8. Employee agrees to notify the Company in writing within three (3)
business days of Employee's acceptance of any subsequent employment by
providing the name of such employer, his intended duties as well as the
anticipated start date. Such information is required to ensure
Employee's compliance with his non-compete obligations as well as all
other applicable restrictive covenants. This notice will also serve to
trigger the Company's right to terminate the above-referenced severance
benefits and Company-paid COBRA benefits consistent with the above
paragraphs. Failure to timely provide such notice shall be deemed a
material breach of this Agreement entitling the Company to recover as
damages the value of all benefits provided to Employee hereunder.
9. It is understood by the Parties that, unless it is specifically stated
otherwise, nothing in this Agreement shall affect any rights Employee
may have under any Pension Plan and/or Savings Plan (i.e., 401(k) plan)
provided by the Company as of the date of his termination, such items
to be governed exclusively by the terms of the applicable plan
documents.
10. In exchange for the foregoing Severance Benefits, XXXXXXX xx XXXXXXXXX
on behalf of himself, his heirs, representatives, agents and assigns
hereby COVENANTS NOT TO XXX, RELEASES, INDEMNIFIES, HOLDS HARMLESS, and
FOREVER DISCHARGES (i) Xxxxxxxxxxx Industries, Inc., (ii) its parent,
subsidiary or affiliated entities, (iii) all of their present or former
directors, officers, employees, shareholders, and agents as well as
(iv) all predecessors, successors and assigns thereof from any and all
actions, charges, claims, demands, damages or liabilities of any kind
or character whatsoever, known or unknown, which Employee now has or
may have had through the effective date of this Agreement.

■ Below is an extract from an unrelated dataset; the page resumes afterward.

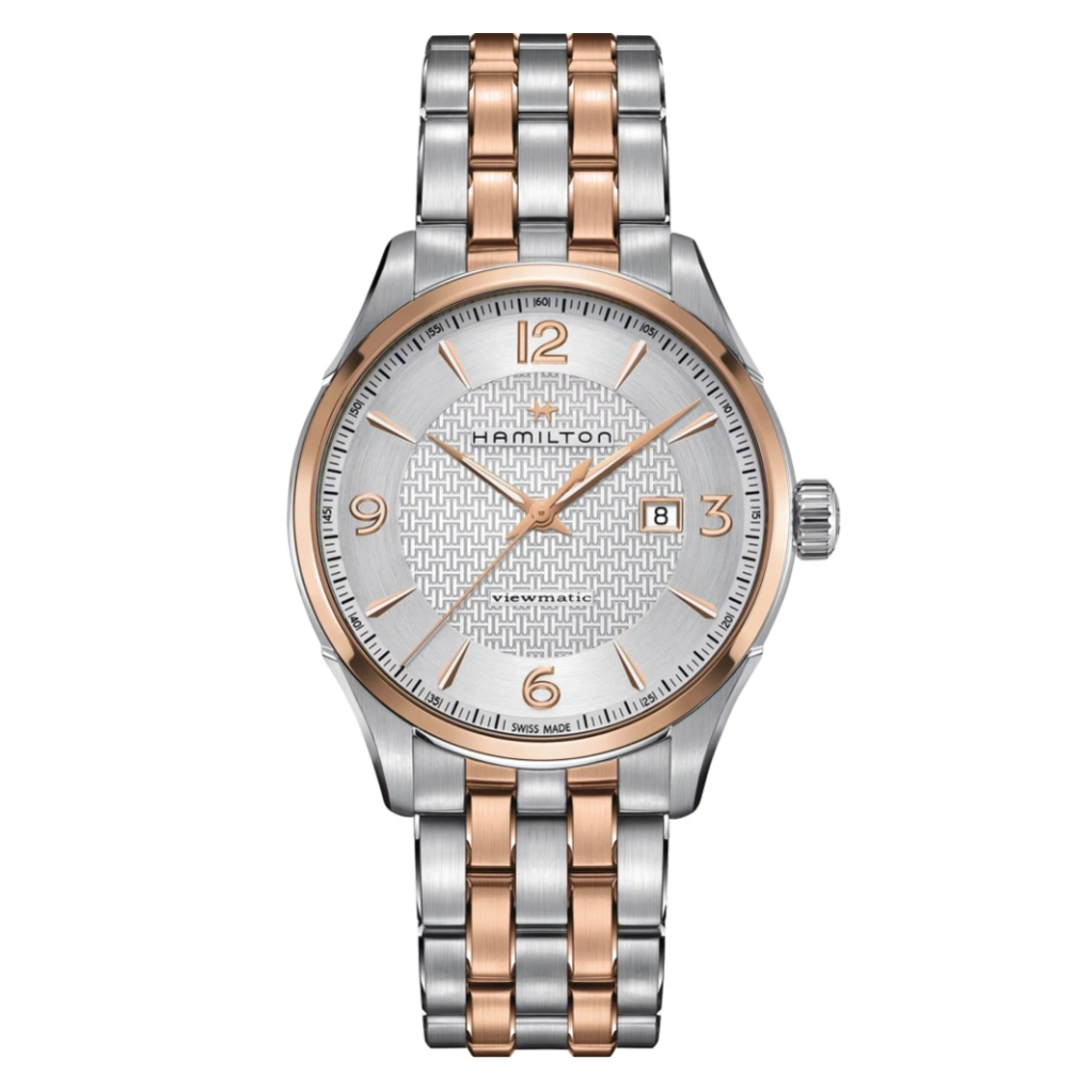 The Hamilton Jazzmaster Viewmatic Auto H42725151 is a bold and elegant timepiece that combines classic design with modern detailing. Featuring a refined silver dial, this model offers a clean three-hand layout with excellent legibility, enhanced by Super-LumiNova on the hands and markers. The stainless steel case with PVD rose coating adds a warm, luxurious tone, while the sapphire crystal with anti-reflective treatment ensures clarity and scratch resistance. Paired with a stainless steel bracelet and folding clasp, the watch delivers both durability and everyday comfort.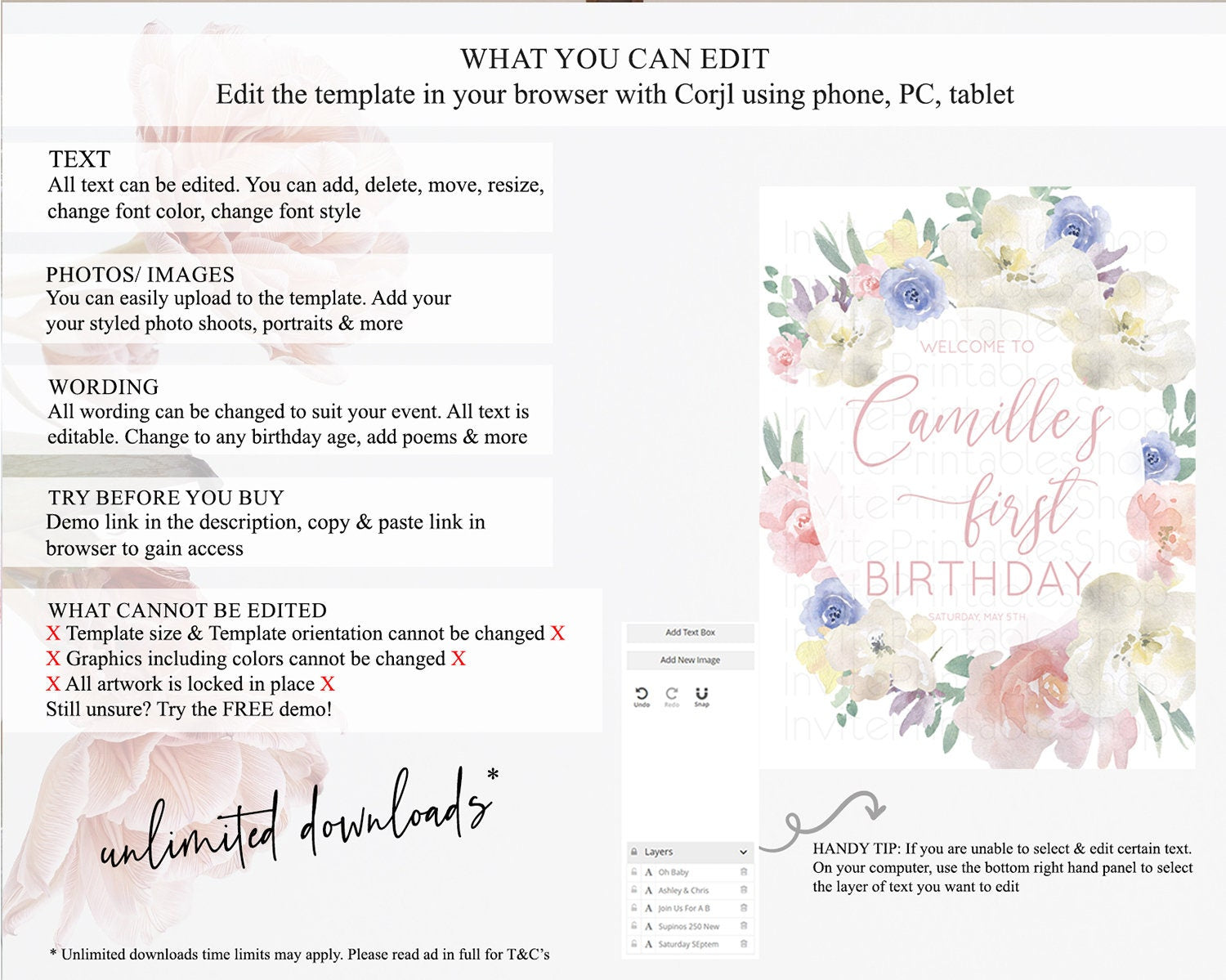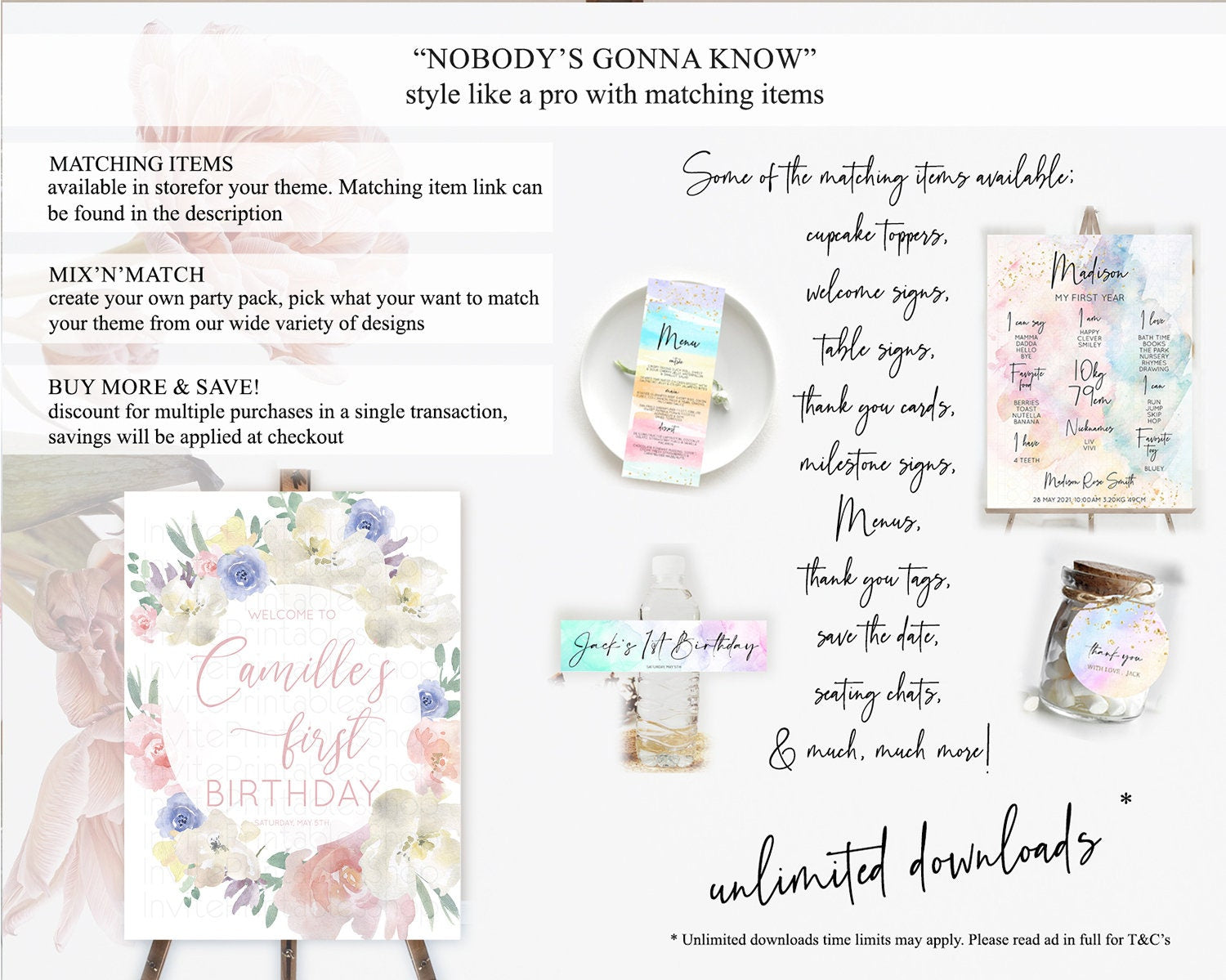 Secret Garden Welcome Sign Wildflower Welcome Board Pastel Flower Garden Welcome Poster Boho Wildflower First Birthday Welcome Sign D10841

11. Without limiting the generality of the foregoing release, it shall
include: (i) all claims or potential claims arising under any federal,
state or local laws relating to the Parties' employment relationship,
including any claims Employee may have under the Civil Rights Acts of
1866 and 1964, as amended, 42 U.S.C. Sections 1981 and 2000(e) et seq.;
the Civil Rights Act of 1991; the Age Discrimination in Employment Act,
as amended, 29 U.S.C. Sections 621 et seq.; the Americans with
Disabilities Act of 1990, as amended, 42 U.S.C. Sections 12,101 et
seq.; the Fair Labor Standards Act 29 U.S.C. Sections 201 et seq.; the
Worker Adjustment and Retraining Notification Act, 29 U.S.C. Sections
2101, et seq.; and any other federal, state or local law governing the
Parties' employment relationship; (ii) any claims on account of,
arising out of or in any way connected with Employee's employment with
the Company or leaving of that employment; (iii) any claims alleged or
which could have been alleged in any charge or complaint against the
Company; (iv)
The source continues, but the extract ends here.